Better way to clean and normalize a DataFrame of strings?

hi there,

i have a corpus of messy CSVs with matching columns but irregular formatting, so that a column ( say A ) often has some values with an unwanted metadata prefix, and other values without, like so:

  Row │ A                    
          │ String                            
──────┼───────────────────────────────────
       1 │ text:'value1'
       2 │ text:'value2'
       3 │ value3
       4 | value4

i’d like to normalize columns like A so that none of the values have the unwanted text: prefix. i realize that i could do something like this:

function removetypeprefix(x::String)
    if length(x) > 5 && x[1:5] == "text:"
        return x[6:end]
    else
        return x
    end
end 

function removetypeprefix(x::Array{String, 1})
    [removetypeprefix(_x) for _x in x]
end

result = transform(df, :A => removetypeprefix)

which would produce a new column of the values in A with the prefix removed – but this seems like a lot of boilerplate to write, and i feel like i must be missing a more straightforward way to transform the column.

am i missing a more concise way to do this?

There are a few options

Setup:

df = DataFrame(A = 
	["text:'value1'"
	"text:'value2'"
	"value3"
	"value4"])
  1. Use ByRow to get rid of the Array method.
function removetypeprefix(x::String)
    if length(x) > 5 && x[1:5] == "text:"
        return x[6:end]
    else
        return x
    end
end 

result = transform(df, :A => ByRow(removetypeprefix))
  1. Use an anonymous function to avoid the declaration
julia> result = transform(df, :A => begin 
       x -> length(x) > 5 && x[1:5] == "text:" ? x[6:end] : x
       end |> ByRow)

(Okay, maybe this last one is a bit ugly)

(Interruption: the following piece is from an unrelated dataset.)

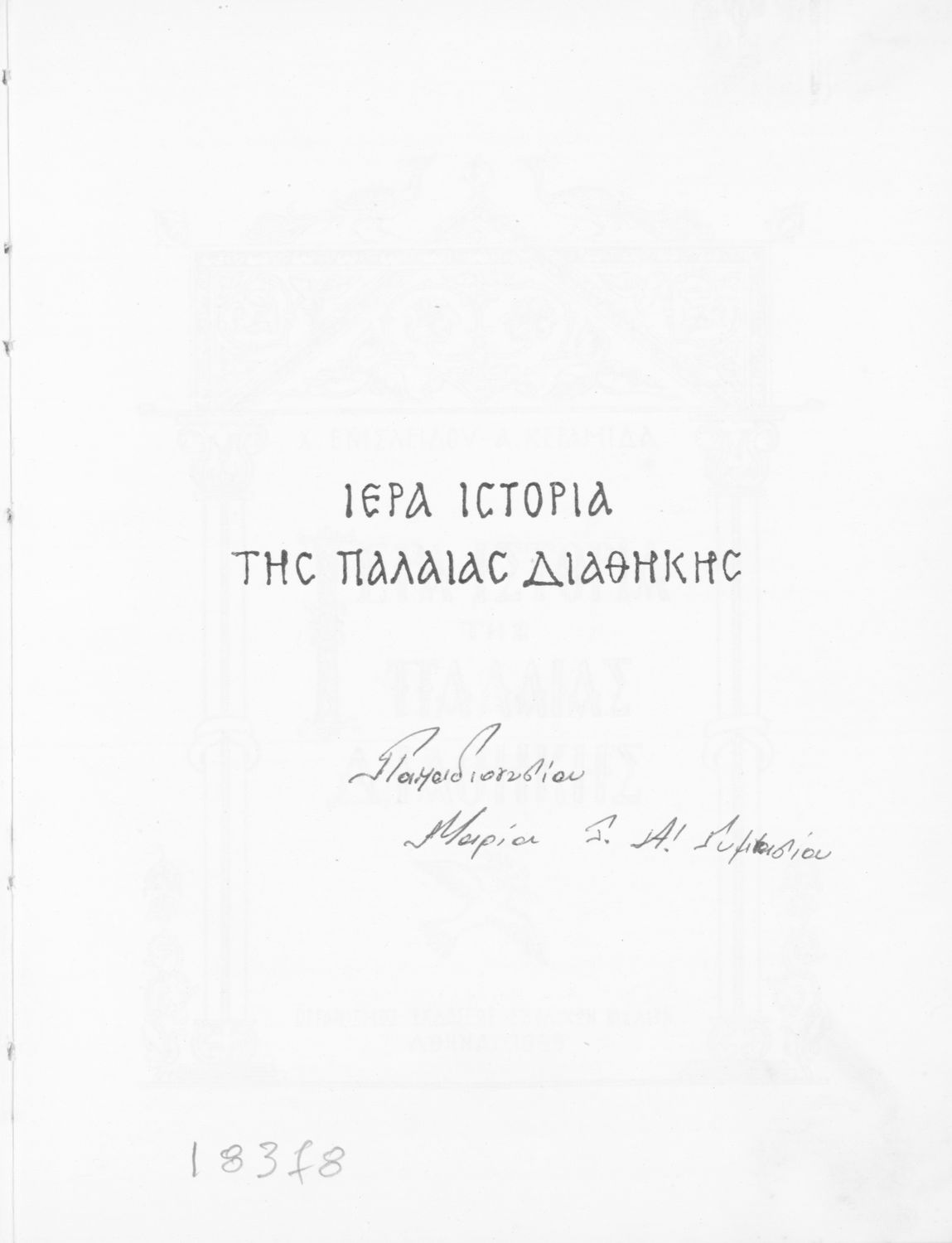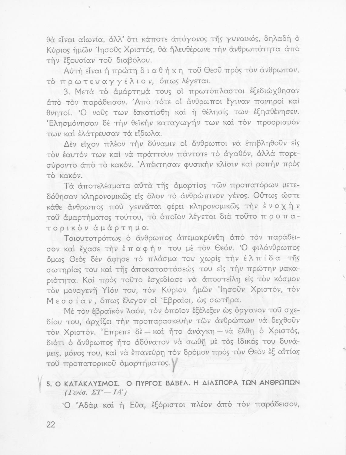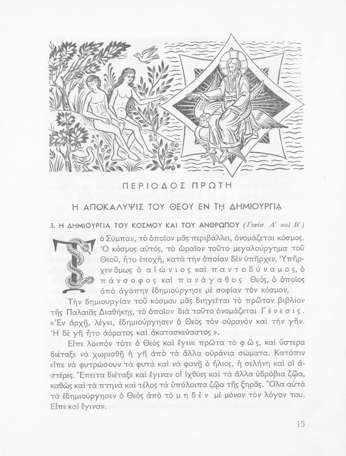 Σχολικό εγχειρίδιο Θρησκευτικών που συνιστά μία εξιστόρηση της Παλαιάς Διαθήκης από τη δημιουργία του κόσμου ως την υποταγή των Εβραίων στους Ρωμαίους. Περιέχει και στοιχεία γεωγραφίας της Παλαιστίνης.

I would normally recommend using DataFramesMeta in this scenario. But we don’t have support for ByRow at the moment. So it’s not the best fit for this exact problem.

I’ve created the regex below after experimenting a bit at https://regex101.com/.

julia> df = DataFrame(A = ["text:'value1'", "text:'value2'", "value3"]);

julia> rx = r"text:'([^']*)'";

julia> df.A = replace.(df.A, rx => s"\1");

julia> df
3×1 DataFrame
 Row │ A
     │ String
─────┼────────
   1 │ value1
   2 │ value2
   3 │ value3
2 Likes

Another way, using regex for dummies (my category):

using DataFrames, ReadableRegex

df = DataFrame(A = ["text:'value1'", "text:'value2'", "value3"])
rx = exactly(1, ["text:'", "'"])
df.A = replace.(df.A, Regex(rx) => "")

result:

julia> df
3×1 DataFrame
│ Row │ A      │
│     │ String │
├─────┼────────┤
│ 1   │ value1 │
│ 2   │ value2 │
│ 3   │ value3 │

NB: regex might be an overkill in this case, as the following two replace lines achieve the same result:

df.A = replace.(df.A, "text:'" => "")
df.A = replace.(df.A, "'" => "")

Seems fine to me - speaking as someone T
that’s done a lot of this kind of thing, sometimes you’re stuck with boiler plate. You can do the transform one-liner, but my advice would be to write a robust and general function, since you’re likely to need something like it again.

By general, I mean make the function take the prefix as an argument, check for startswith(str, pre) and use replace(str, pre=>"") instead of using indices. I spend an unfortunate amount of time with this kind of data cleaning. Embrace the built in string functions and get used to them. Good luck!